### ASSIGNMENT
Please copy the listing that follows exactly, leaving out any pictures.

### RECORDS SUPPLIED
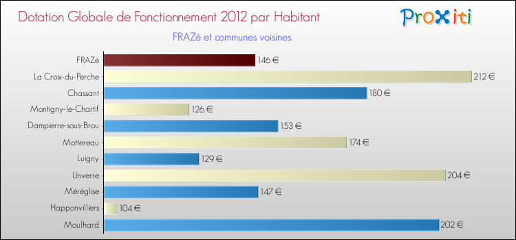 Le graphique ci dessous indique la Dotation Globale de Fonctionnement accordée par habitant à Frazé en 2012 par rapport aux communes voisines.
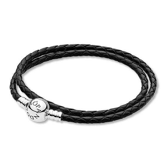 Silver leather bracelet, double, black Bracelet 38 cm 590745CBK-D2
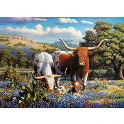 LONGHORNS - Immerse yourself in the rustic beauty of the American countryside with our captivating 500-piece puzzle, "Longhorns" Step into a scene straight out of the heartland as a family of majestic longhorn cattle grazes peacefully in a vast, sun-drenched field. Each piece of this puzzle brings you closer to the serene beauty of rural life, from the intricate details of the longhorns' coats to the tranquil atmosphere of the countryside. PREMIUM QUALITY - Ravensburger puzzles use an exclusive, extra-thick cardboard combined with fine linen structured paper to create a glare-free puzzle image and give you the best experience possible. Our 500 piece jigsaws are crafted with premium quality materials and measure 49x36cm when complete. Fully complies with all necessary UK and EU testing standards. BESTSELLING PUZZLE BRAND WORLDWIDE - With over 1 billion puzzles sold, Ravensburger jigsaw puzzles make ideal gifts for women, men, adults, kids age 10 years up and fit perfectly on our puzzle board. FSC CERTIFIED - This product is made of FSC-certified and other controlled material. By choosing this product, you are supporting responsible management of the world's forests. POSITIVELY PUZZLING - From fun family times together to long term health benefits and day-to-day mindful moments, jigsaw puzzles make a great birthday gift or Christmas present., Manufacturer: Ravensburger
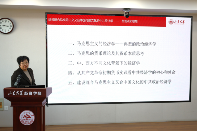侯风云教授作题为“建设既合马克思主义又合中国传统文化的中共经济学”的报告,从马克思主义政治经济学的立场、观点与方法切入,以马克思货币理论为例证,对比梳理中西方不同文化背景下的经济学源流差异,明确了中国特色社会主义政治经济学建设的核心方向。
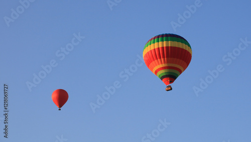 © u.perreten, Fototapeta premium Two colorful balloons over Vang Vieng, Laos.
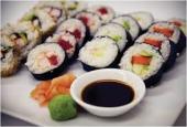 سوشي يک غذاي ژاپني است که در آن از جلبک دريايي استفاده مي شود.
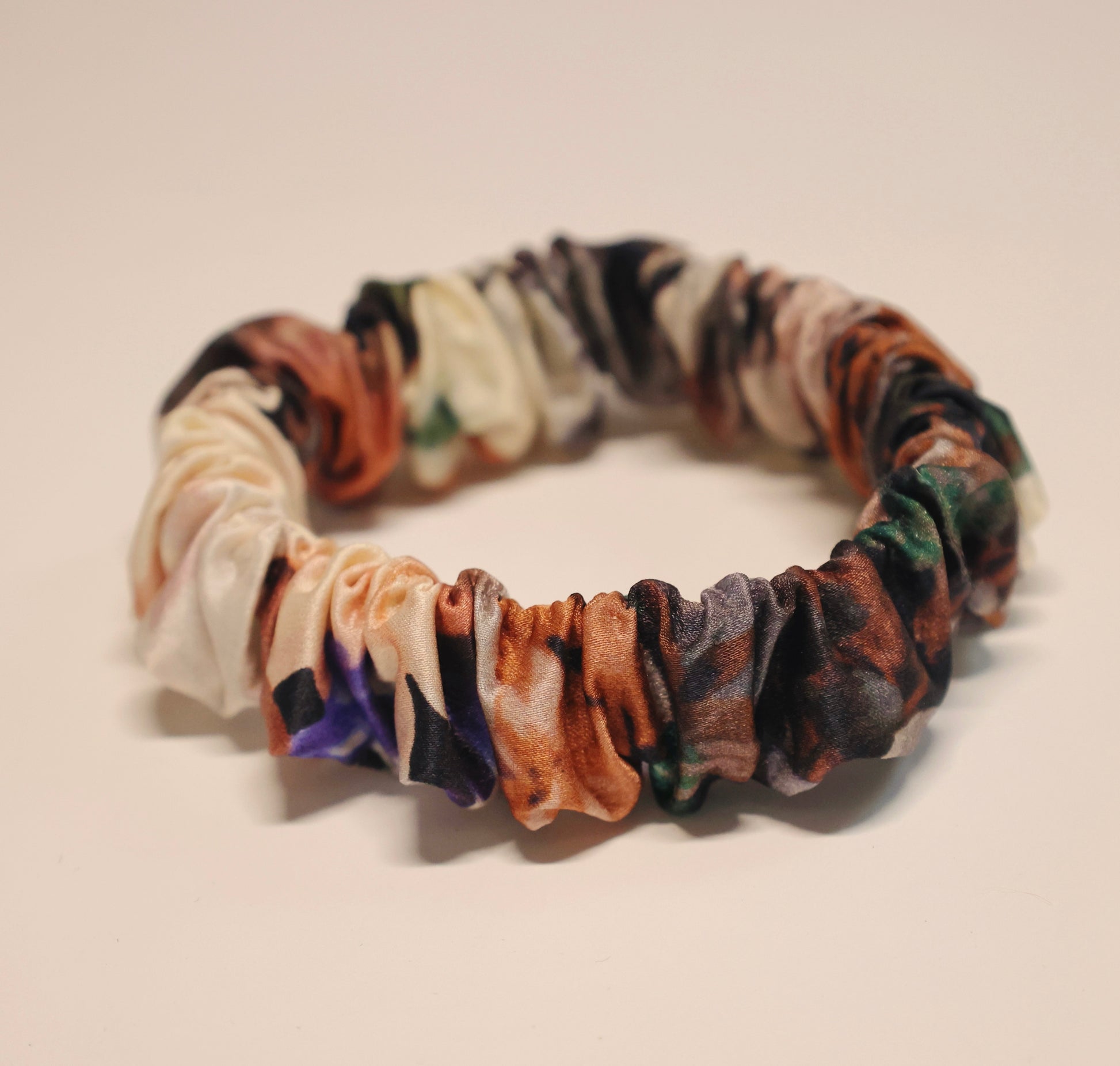 Inspired by vintage blooms and timeless artistry, this midi scrunchie is crafted from 100% silk and features a delicate floral print reminiscent of Renaissance tapestries. Its mid-size silhouette offers graceful volume—perfect for everyday styling or a romantic finishing touch.
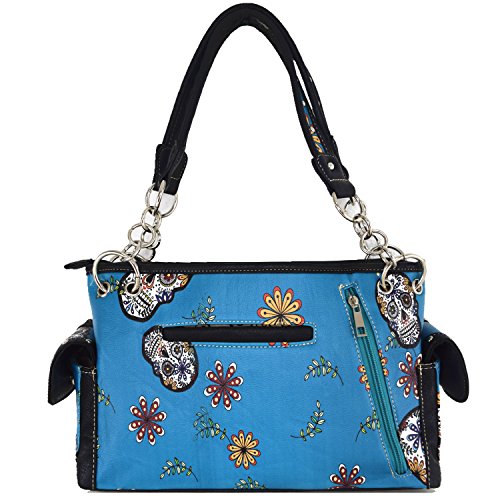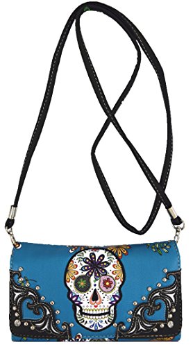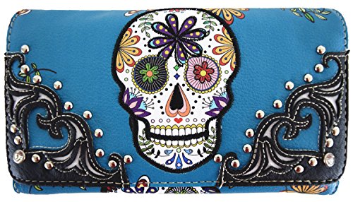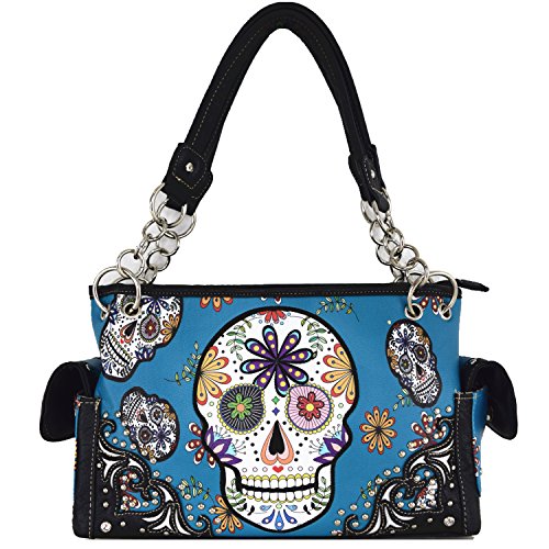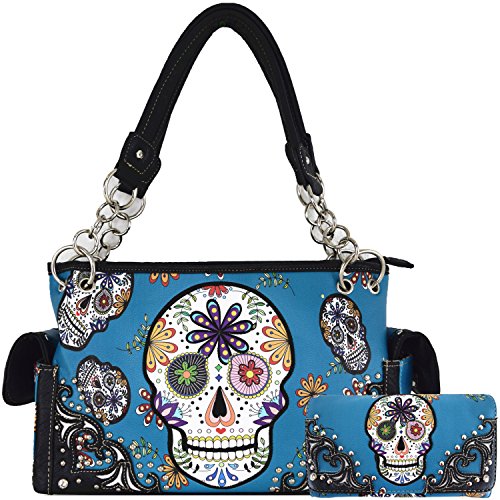 Sugar Skull Day of the Dead Halloween Purse Concealed Carry Handbag Women's Shoulder Bag Wallet Set Turq
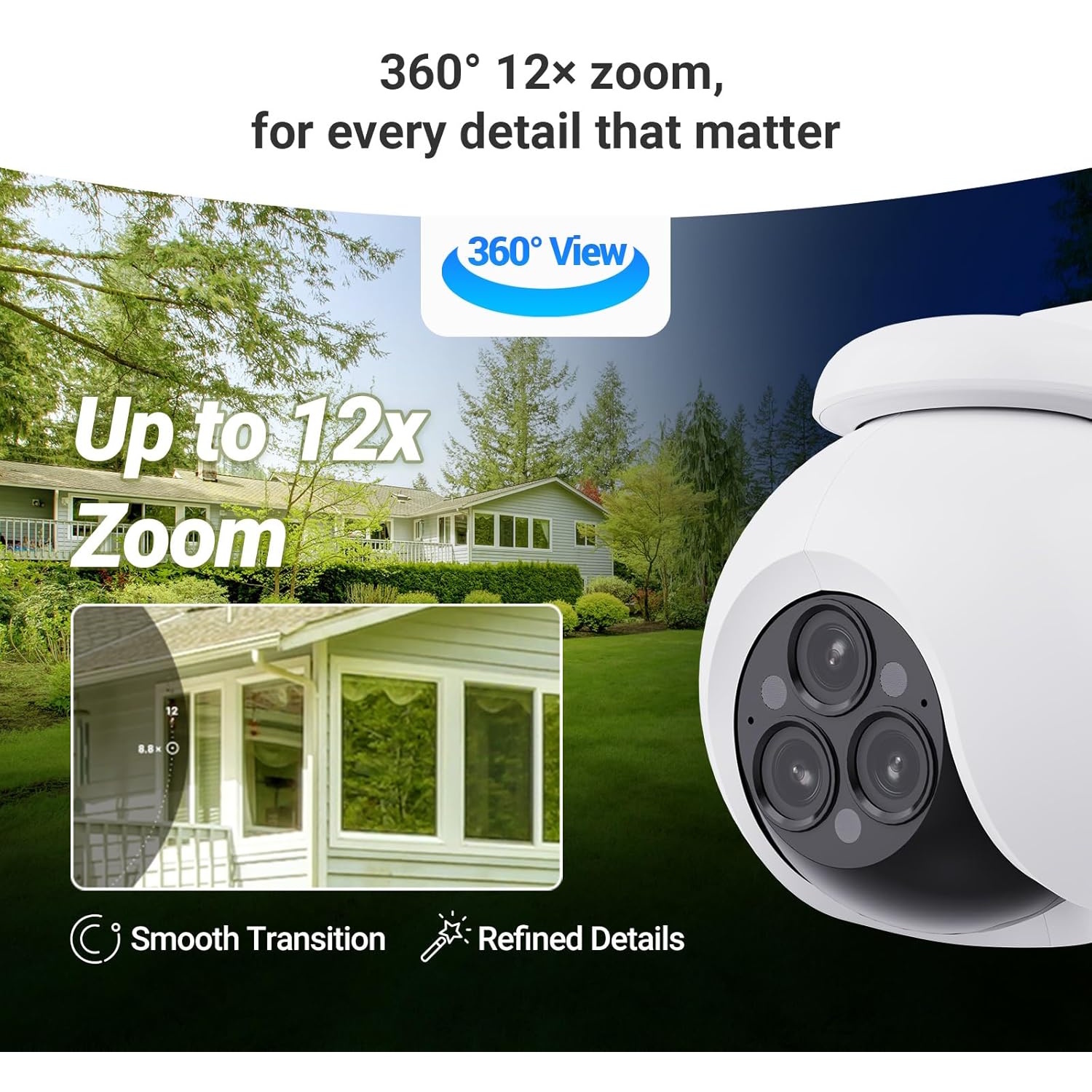 Izbaudiet profesionālas kvalitātes panorāmas uzraudzību ar EZVIZ H80 Āra Wi-Fi kameru, kas izstrādāta ar trīskāršām 4MP lēcām, lai nodrošinātu 360° gudru drošības pieredzi. Šis jaudīgais produkts apvieno plaša leņķa un telefoto lēcas ar 12x jauktu tālummaiņu, ļaujot asu cilvēku un transportlīdzekļu identificēšanu pat līdz 50 metru attālumā. Iekļaujot inteliģento AI noteikšanu, IP67 novērtēto izturību un pilnīgu attālināto kontroli, tā ir jūsu galvenā ārējo aizsardzības ierīce mājām, birojiem vai teritorijas drošībai.

### WRITTEN ANSWER
 Le graphique ci dessous indique la Dotation Globale de Fonctionnement accordée par habitant à Frazé en 2012 par rapport aux communes voisines.
 Silver leather bracelet, double, black Bracelet 38 cm 590745CBK-D2
 LONGHORNS - Immerse yourself in the rustic beauty of the American countryside with our captivating 500-piece puzzle, "Longhorns" Step into a scene straight out of the heartland as a family of majestic longhorn cattle grazes peacefully in a vast, sun-drenched field. Each piece of this puzzle brings you closer to the serene beauty of rural life, from the intricate details of the longhorns' coats to the tranquil atmosphere of the countryside. PREMIUM QUALITY - Ravensburger puzzles use an exclusive, extra-thick cardboard combined with fine linen structured paper to create a glare-free puzzle image and give you the best experience possible. Our 500 piece jigsaws are crafted with premium quality materials and measure 49x36cm when complete. Fully complies with all necessary UK and EU testing standards. BESTSELLING PUZZLE BRAND WORLDWIDE - With over 1 billion puzzles sold, Ravensburger jigsaw puzzles make ideal gifts for women, men, adults, kids age 10 years up and fit perfectly on our puzzle board. FSC CERTIFIED - This product is made of FSC-certified and other controlled material. By choosing this product, you are supporting responsible management of the world's forests. POSITIVELY PUZZLING - From fun family times together to long term health benefits and day-to-day mindful moments, jigsaw puzzles make a great birthday gift or Christmas present., Manufacturer: Ravensburger
侯风云教授作题为“建设既合马克思主义又合中国传统文化的中共经济学”的报告,从马克思主义政治经济学的立场、观点与方法切入,以马克思货币理论为例证,对比梳理中西方不同文化背景下的经济学源流差异,明确了中国特色社会主义政治经济学建设的核心方向。
 © u.perreten, Fototapeta premium Two colorful balloons over Vang Vieng, Laos.
 سوشي يک غذاي ژاپني است که در آن از جلبک دريايي استفاده مي شود.
 Inspired by vintage blooms and timeless artistry, this midi scrunchie is crafted from 100% silk and features a delicate floral print reminiscent of Renaissance tapestries. Its mid-size silhouette offers graceful volume—perfect for everyday styling or a romantic finishing touch.
 Sugar Skull Day of the Dead Halloween Purse Concealed Carry Handbag Women's Shoulder Bag Wallet Set Turq
 Izbaudiet profesionālas kvalitātes panorāmas uzraudzību ar EZVIZ H80 Āra Wi-Fi kameru, kas izstrādāta ar trīskāršām 4MP lēcām, lai nodrošinātu 360° gudru drošības pieredzi. Šis jaudīgais produkts apvieno plaša leņķa un telefoto lēcas ar 12x jauktu tālummaiņu, ļaujot asu cilvēku un transportlīdzekļu identificēšanu pat līdz 50 metru attālumā. Iekļaujot inteliģento AI noteikšanu, IP67 novērtēto izturību un pilnīgu attālināto kontroli, tā ir jūsu galvenā ārējo aizsardzības ierīce mājām, birojiem vai teritorijas drošībai.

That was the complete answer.